EXERCISE INSTRUCTIONS
Copy task for the material below: print the line with "Codelab — это" and every line after it to the end, exactly as written, without the pictures.

== RECORDED INFORMATION ==

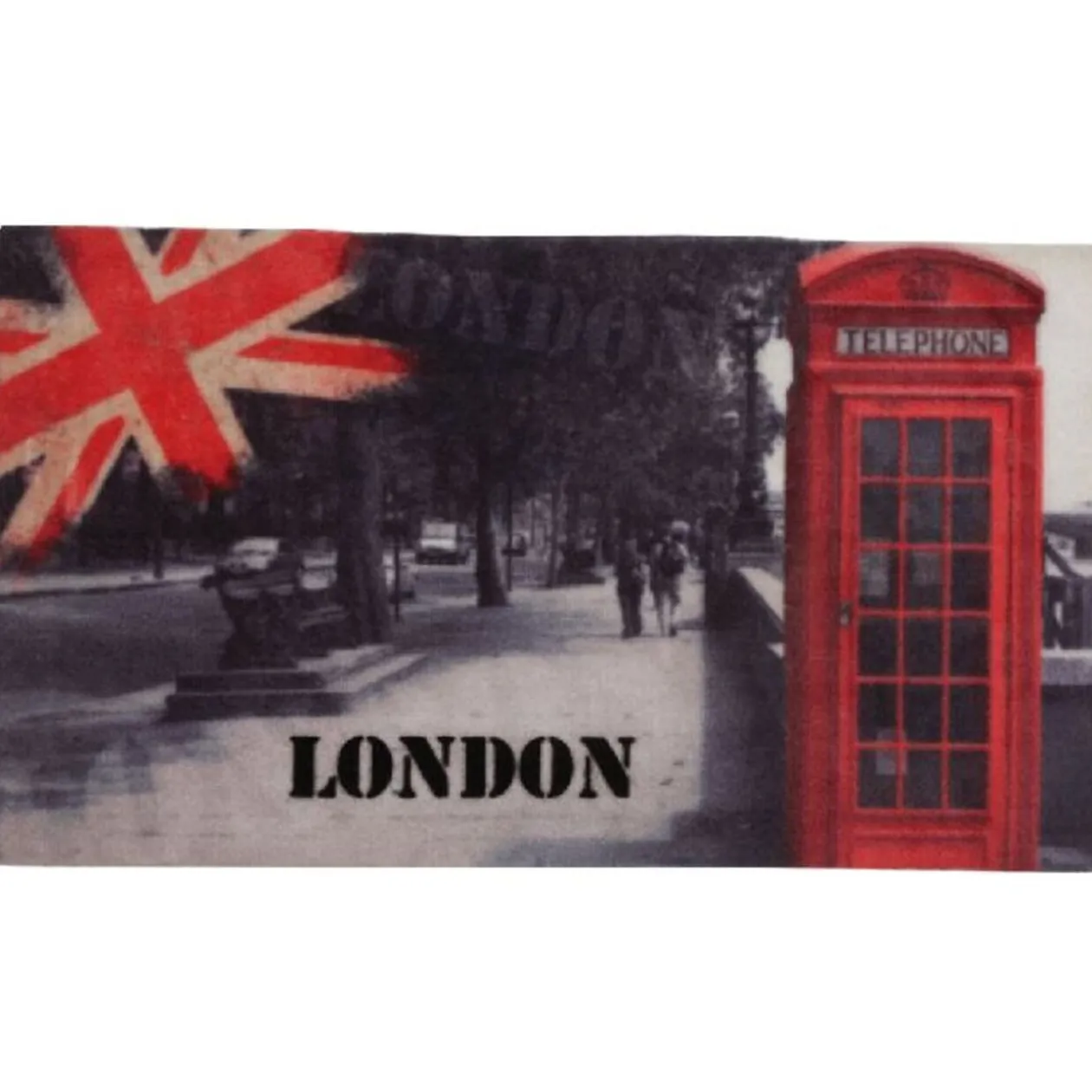Paillasson, dim. 70×40 cm, polyamide et caoutchouc. Diff. modèles (London ou Che Guevara), disponibilité selon arrivage.
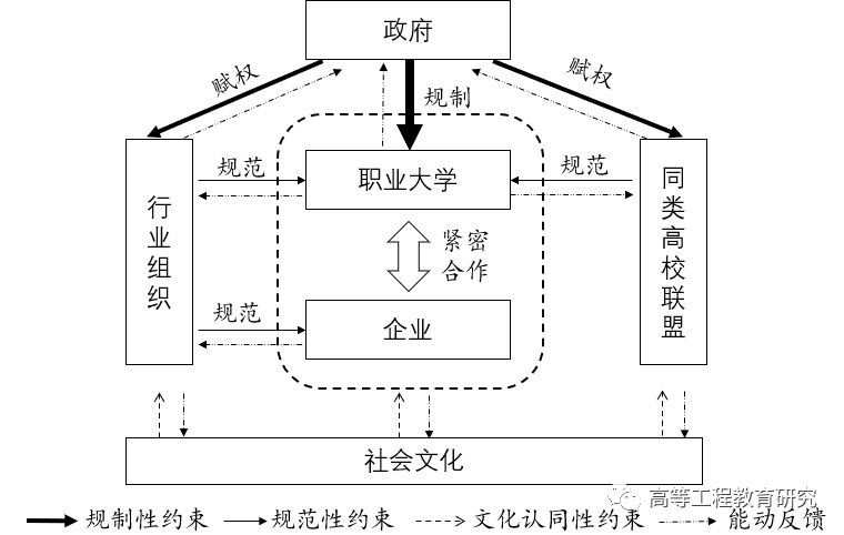 学术自治被认为是大学的“原生制度”,是“大学的灵魂与标志”。[16] 现代社会知识生产模式发生了变革,知识的弥散性特征日益明显,知识生产的边界日益模糊。大学作为知识中心及知识绝对权威的地位被打破,由此倒逼大学治理结构变革,社会利益相关方共同参与合作治理成为趋势。适当、积极的外部干预“不仅不会阻碍学术自由,反而能促进和保障学术自由”,它有助于“避免大学因自治而产生的脱离社会实际,及学者因过于自由放纵而产生的偏执保守”。[17] 职业大学治理更应遵循自治性与开放性并存原则。职业教育是“跨界”的教育,“是教育与职业的联姻,学校和企业的携手,政府与教育的联结,行业与职业的交集”,必须采取“政行企校四位一体的多元共治结构”。[18] 同时,职业大学也不应完全服膺于外部干预,异化为经济组织的附庸,失去其作为社会性知识生产共同体的“大学”本色。
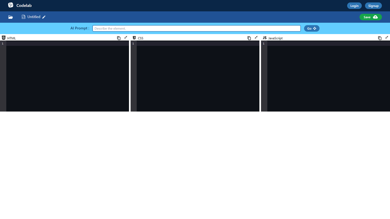 Codelab — это онлайн-песочница для работы с кодом и AI-подсказками, где вы можете экспериментировать с HTML, CSS и JavaScript в одном месте. Интерфейс напоминает классический онлайн-редактор кода, но дополняется возможностью использовать AI Prompt для ускорения разработки и генерации решений.
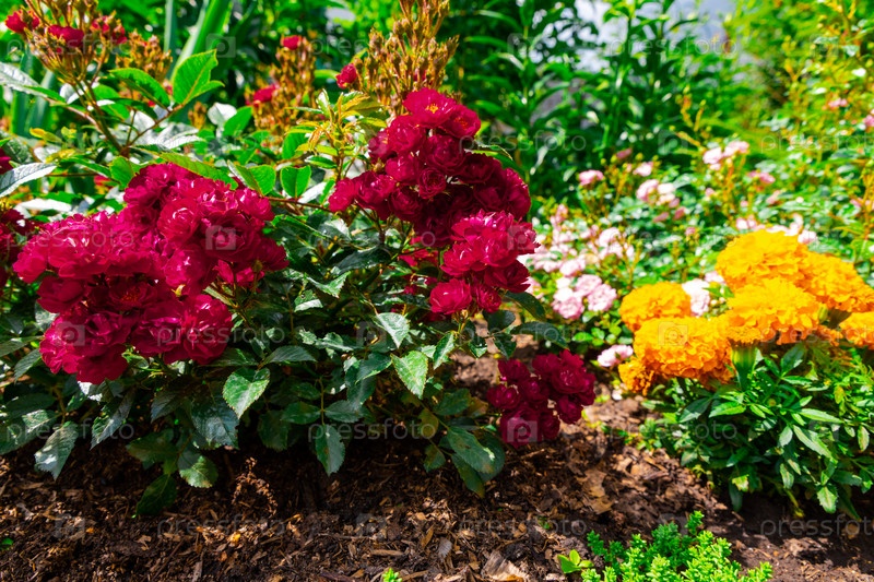 Кустовая красная роза в саду. Выращивание цветов. Маленькие цветы. Цветочный фон

===

SOLVED PROBLEM
 Codelab — это онлайн-песочница для работы с кодом и AI-подсказками, где вы можете экспериментировать с HTML, CSS и JavaScript в одном месте. Интерфейс напоминает классический онлайн-редактор кода, но дополняется возможностью использовать AI Prompt для ускорения разработки и генерации решений.
 Кустовая красная роза в саду. Выращивание цветов. Маленькие цветы. Цветочный фон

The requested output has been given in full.